Install dependencies:

pnpm install

Place the required q4f16 model files into:

models/gemma-4-e2b
models/gemma-4-e4b

Mapped upstream repos:

models/gemma-4-e2b ← onnx-community/gemma-4-E2B-it-ONNX
models/gemma-4-e4b ← onnx-community/gemma-4-E4B-it-ONNX

Start the local model server:

pnpm serve:models

Build the extension:

pnpm build

The runtime now fetches models from http://127.0.0.1:8765/ using the same URL shape as the original Hugging Face downloads, so Chrome can cache them through the normal browser path.

Load the extension in chrome://extensions (developer mode) from .output/chrome-mv3-dev/.

Usage

Navigate to any page
Click the Chrome Clippy icon (bottom-right corner) to open the chat
Wait for the model to initialize (progress shown on icon + chat)
Ask questions about the page or request actions

Architecture

Offscreen Document          Service Worker           Content Script
(Gemma 4 + Agent Loop)  <-> (Message Router)    <-> (Chat UI + DOM Tools)
       |                         |
  WebGPU inference          Screenshot capture
  Token streaming           JS execution

Offscreen document: Hosts the model via @huggingface/transformers + WebGPU. Runs the agent loop.
Service worker: Routes messages between content scripts and offscreen document. Handles take_screenshot and run_javascript.
Content script: Injects the Chrome Clippy icon + shadow DOM chat overlay. Executes DOM tools (read_page_content, click_element, type_text, scroll_page).

Tools

Tool	Description	Runs in
`read_page_content`	Read text/HTML of the page or a CSS selector	Content script
`take_screenshot`	Capture visible page as PNG	Service worker
`click_element`	Click an element by CSS selector	Content script
`type_text`	Type into an input by CSS selector	Content script
`scroll_page`	Scroll up/down by pixel amount	Content script
`run_javascript`	Execute JS in the page context with full DOM access	Service worker

Settings

Click the gear icon in the chat header:

Model: Switch between Gemma 4 E2B and E4B served from the local model server. Selection persists across sessions.
Thinking: Toggle native Gemma 4 thinking
Max iterations: Cap on tool call loops per request
Clear context: Reset conversation history for the current page
Disable on this site: Disable the extension per-hostname (persisted)

Development

pnpm build              # Development build (with logging, source maps)
pnpm build:prod         # Production build (logging silenced, minified)

Tech Stack

WXT — Chrome extension framework (Vite-based)
@huggingface/transformers — Browser ML inference
marked — Markdown rendering in chat
Gemma 4 E2B / E4B (onnx-community/gemma-4-E2B-it-ONNX, onnx-community/gemma-4-E4B-it-ONNX) — q4f16 quantization, 128K context

Localhost Model Server

The extension points transformers.js at http://127.0.0.1:8765/ and keeps the original {model}/resolve/{revision}/... URL structure.
pnpm serve:models serves the required q4f16 files from models/gemma-4-e2b and models/gemma-4-e4b with CORS and range request support.
Chrome can then cache those responses through the normal browser cache path used by the original extension behavior.

Debugging

All logs are prefixed with [Chrome Clippy]. In development builds, info/debug/warn logs are active. Production builds only log errors.

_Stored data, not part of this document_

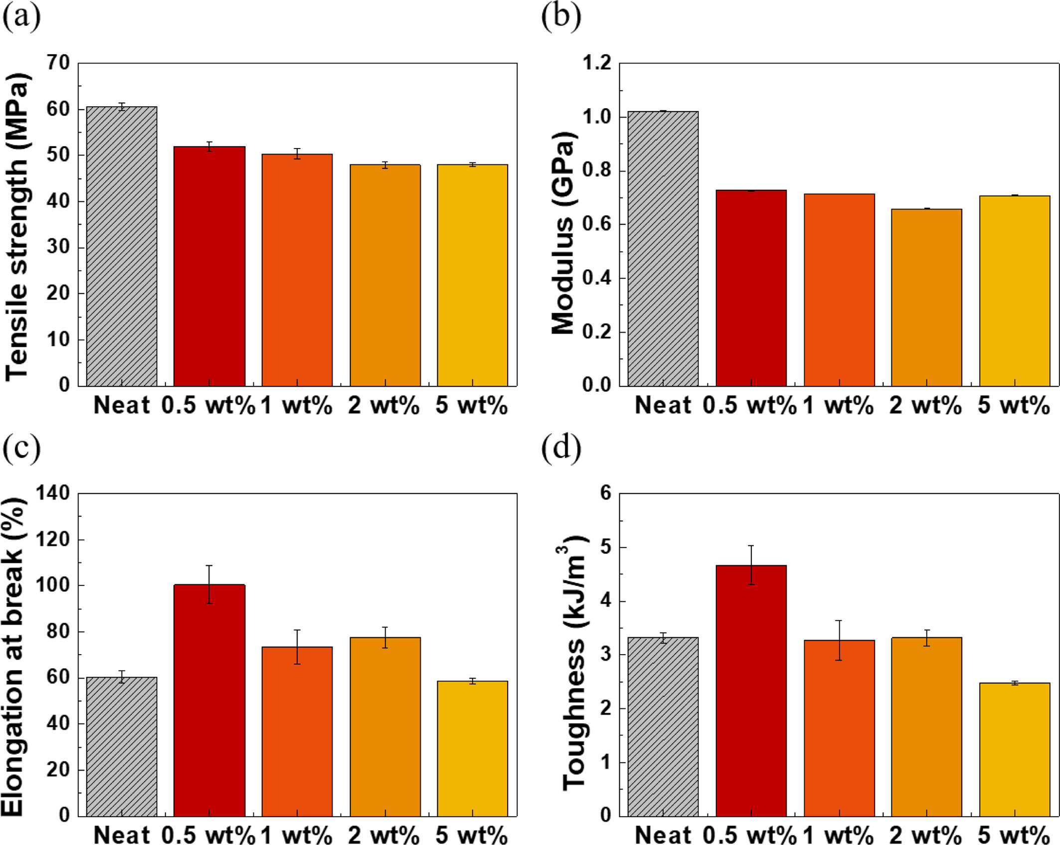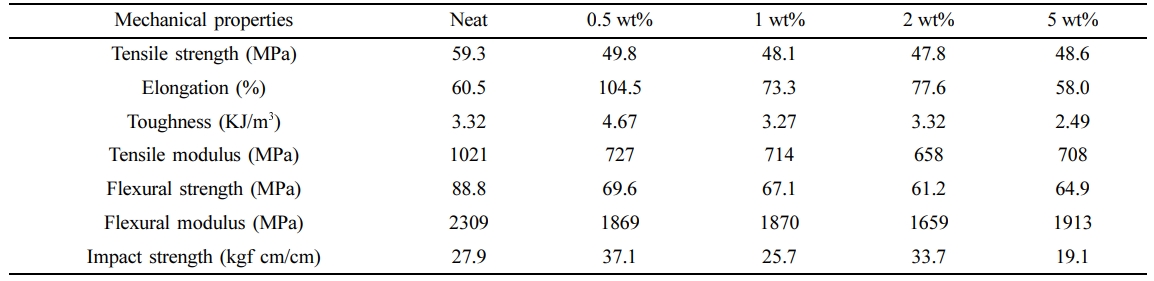 물성 측정 시험 결과. UTM 인장강도 측정을 통해 응력-변형도 곡선을 얻을 수 있었다. 이러한 곡선에서 우리는 인장강도(tensile strength), 인장 모듈러스(tensile modulus), 연신율(elongation), 인성(toughness)을 구했다. Figure 7 및 Table 3에서 나타낸 바와 같이 보강재의 함량이 증가할수록 인장강도는 감소하는 경향을 보였다. Neat 나일론66은 59.3 MPa, 0.5 wt% MCC는 49.8 MPa, 1 wt% MCC는 48.1 MPa, 2 wt% MCC는 47.8 MPa, 5 wt% MCC는 48.6 MPa의 인장강도를 나타냈다. 이는 보강재의 첨가가 고분자 결정성에 영향을 주어 나타나는 현상으로 판단되며 이는 DSC에서 확인할 수 있다. 인장강도의 감소폭이 10 MPa 이후로는 크지 않고 일정하기 때문에 보강재의 함량 증가에 따른 인장강도 감소는 차이가 크지 않을 것으로 해석 가능하다. 인장 모듈러스의 경우도 인장강도와 동일한 해석이 가능하다. 보강재의 함량이 증가할수록 인장 모듈러스는 감소하는 경향을 보이지만, 인장 모듈러스의 감소폭은 크지 않은 것을 확인할 수 있다. Neat 나일론66은 1.02 GPa, 0.5 wt% MCC는 0.73 GPa, 1 wt% MCC는 0.71 GPa, 2 wt% MCC는 0.66 GPa, 5 wt% MCC는 0.71 GPa의 인장 모듈러스 값을 나타내었다. 연신율은 0.5 wt% MCC에서 100% 이상으로 가장 높게 나타났다. Neat 나일론66에서는 60.5%, 0.5 wt% MCC에서는 104.5%, 1 wt% MCC에서는 73.3%, 2 wt% MCC에서는 77.6%, 5 wt% MCC에서는 58.0%의 연신율을 보였다. 인성의 경우도 연신율과 마찬가지로 0.5 wt% MCC에서 보강되는 것을 확인했다. 인성이란 복합체가 파단까지 받는 총 에너지의 합이므로 파단까지 견딜 수 있는 총 에너지의 합이 0.5 wt% MCC에서 증가했다. Neat 나일론66은 3.31 KJ/m3, 0.5 wt% MCC는 4.67 KJ/m3, 1 wt% MCC는 3.27 KJ/m3, 2 wt% MCC는 3.32 KJ/m3, 5 wt% MCC는 2.49 KJ/m3의 인성을 나타냈다.
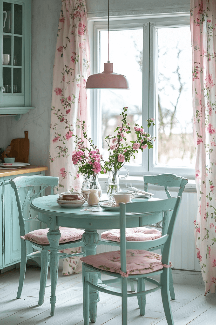 Soft pastel shades can make charming breakfast nook ideas feel sweet, gentle, and full of morning light. Cushioned seating around a small round table creates an inviting setup for breakfast, coffee, or tea. Hints of blush, mint, lavender, or pale peach bring color without overwhelming the room. Light floral touches or delicate decor help complete the soft atmosphere. The final nook feels dreamy, uplifting, and beautifully cozy. Click to explore more breakfast nook ideas with pastel softness and charm!
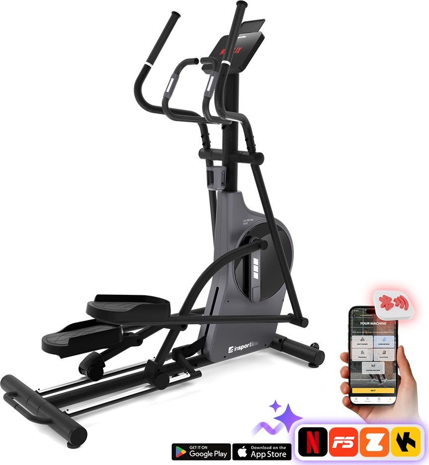 The inSPORTline ZenStride 600 elliptical trainer is the perfect combination of modern technology, comfort and effective training. It features a 9 kg weight wheel, smooth running, 32 resistance levels, adjustable 8.5° stroke, weight capacity up to 135 kg and electronic load control. With a 10.1″ TFT display with pre-installed apps, Bluetooth connectivity and compatibility with Kinomap, Zwift and FitShow, home workouts become an interactive experience full of challenges and fun.
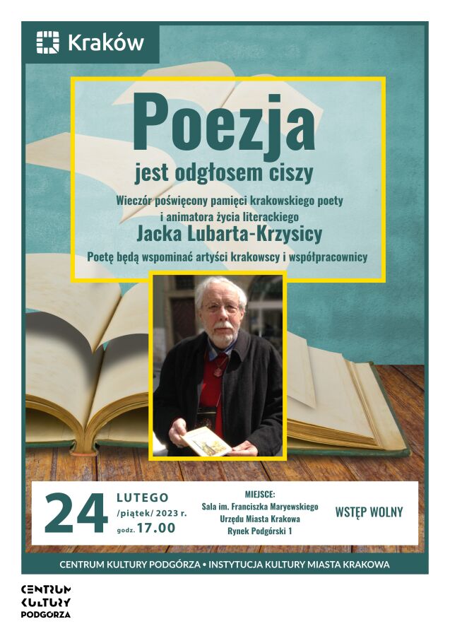 Dziś, 24 lutego, o godz. 17.00 w Urzędzie Miasta Krakowa, przy Rynku Podgórskim 1 (Sala im. Franciszka Maryewskiego) odbędzie się wieczór poświęcony pamięci Jacka Lubarta-Krzysicy zatytułowany „Poezja jest odgłosem ciszy”. Wstęp wolny.
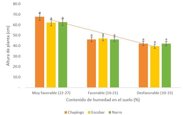 El ancho y grosor del cladodio no variaron entre variedades en el contenido de humedad desfavorable (10-15%), pero en los contenidos de humedad muy favorable (22-27%) y favorable (16-21%), la variedad Chapingo fue significativamente mayor (P ≤ 0.05), con valores de 15.7 y 1.1 cm y 15.2 y 1.0 cm, respectivamente. Las variedades Escobar y Narro, fueron estadísticamente menores para estas dos variables y sin diferencia estadística entre ambas. La longitud de cladodio (Tabla 1) y altura de la planta (Figura 2), no mostraron ningún efecto por variedad en los diferentes contenidos de humedad del suelo probados en este estudio.
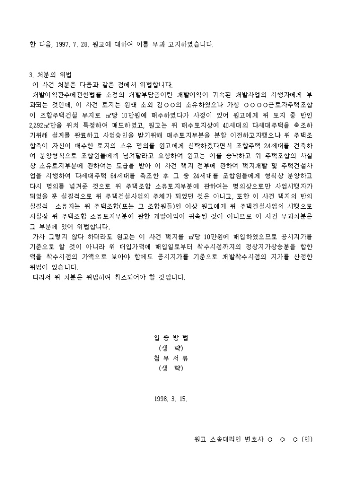 개발부담금부과처분에 대하여 개발이익의 귀속자가 아니라는 이유로 부과처분의 취소를 구하는 소장양식입니다.

Service worker logs: chrome://extensions → Chrome Clippy → "Inspect views: service worker"
Offscreen document logs: chrome://extensions → Chrome Clippy → "Inspect views: offscreen.html"
Content script logs: Open DevTools on any page → Console
All extension pages: chrome://inspect#other lists all inspectable extension contexts (service worker, offscreen document, etc.)

The offscreen document logs are the most useful — they show model loading, prompt construction, token counts, raw model output, and tool execution.

Notes

The agent/ directory has zero dependencies. It defines interfaces (ModelBackend, ToolExecutor) and can be extracted to a standalone library.